• **RAW DATA**
== Segment start ==

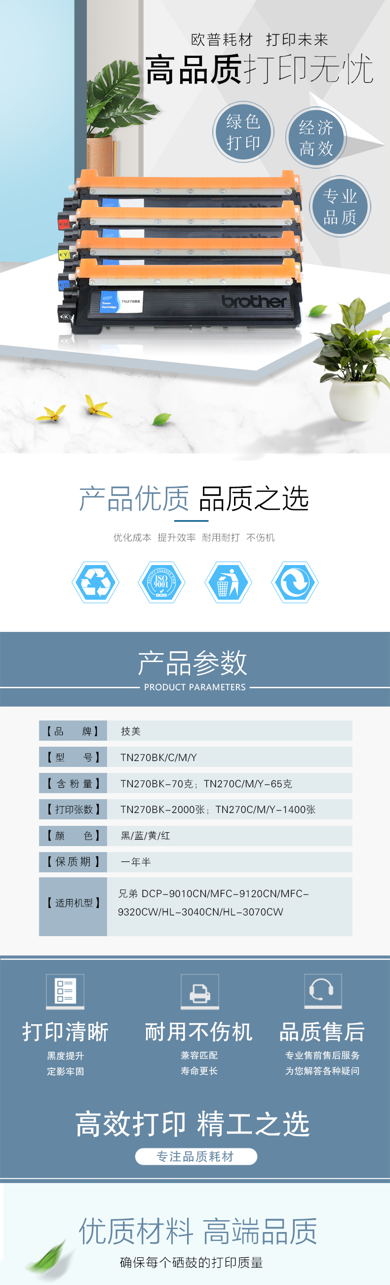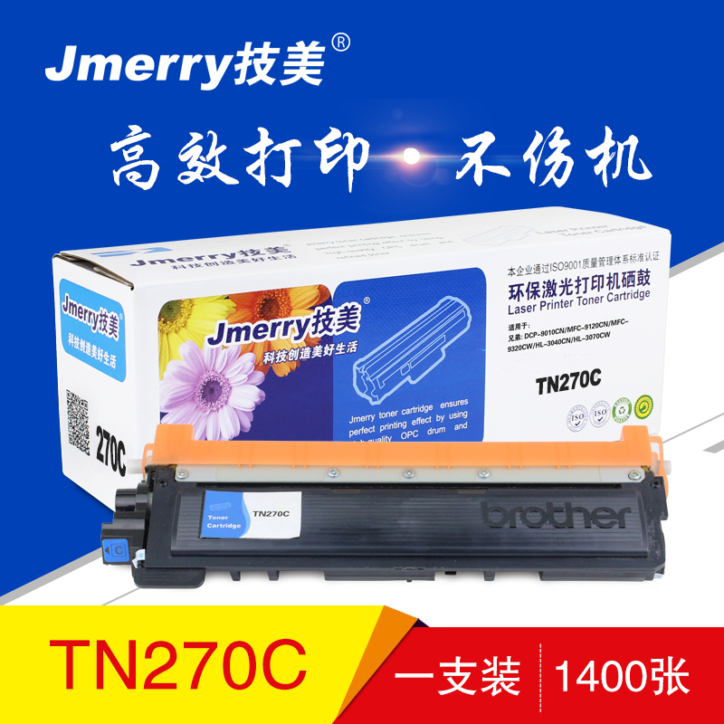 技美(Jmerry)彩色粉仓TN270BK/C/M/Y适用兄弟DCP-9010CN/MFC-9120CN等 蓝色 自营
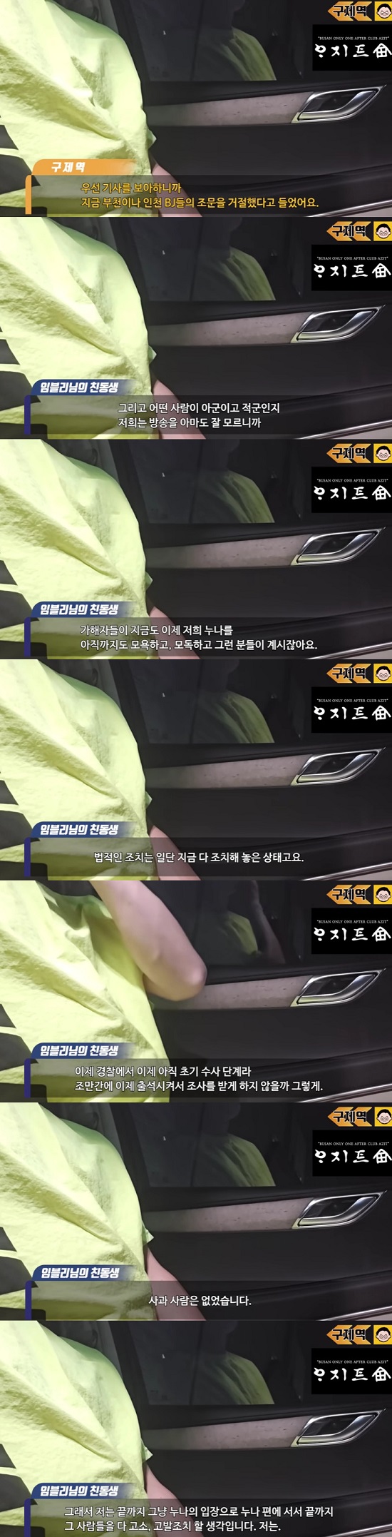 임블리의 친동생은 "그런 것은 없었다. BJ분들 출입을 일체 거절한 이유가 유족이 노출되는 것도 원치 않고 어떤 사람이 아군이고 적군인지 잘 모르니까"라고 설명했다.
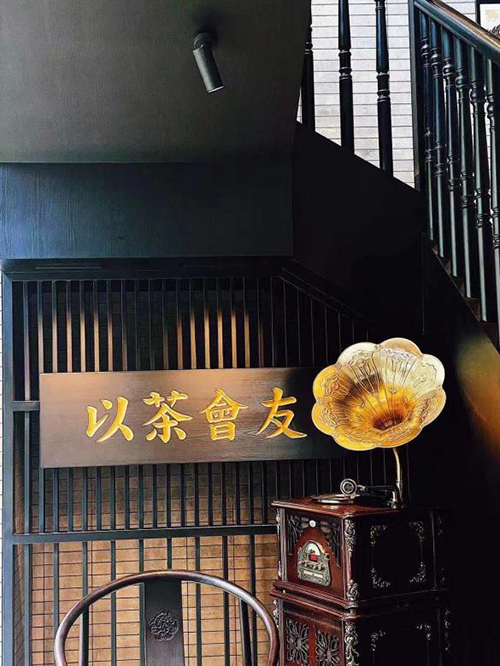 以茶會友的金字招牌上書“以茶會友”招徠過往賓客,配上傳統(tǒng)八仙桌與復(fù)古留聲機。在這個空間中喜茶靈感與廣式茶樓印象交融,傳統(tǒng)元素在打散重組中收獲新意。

== Segment end ==

• **EXERCISE AIM**
Everything from the line containing "것은 없었다. BJ분들" to the last line of the listing above is to be written out exactly, except the pictures, and nothing else.

• **RESPONSE TO THIS EXERCISE**
 임블리의 친동생은 "그런 것은 없었다. BJ분들 출입을 일체 거절한 이유가 유족이 노출되는 것도 원치 않고 어떤 사람이 아군이고 적군인지 잘 모르니까"라고 설명했다.
 以茶會友的金字招牌上書“以茶會友”招徠過往賓客,配上傳統(tǒng)八仙桌與復(fù)古留聲機。在這個空間中喜茶靈感與廣式茶樓印象交融,傳統(tǒng)元素在打散重組中收獲新意。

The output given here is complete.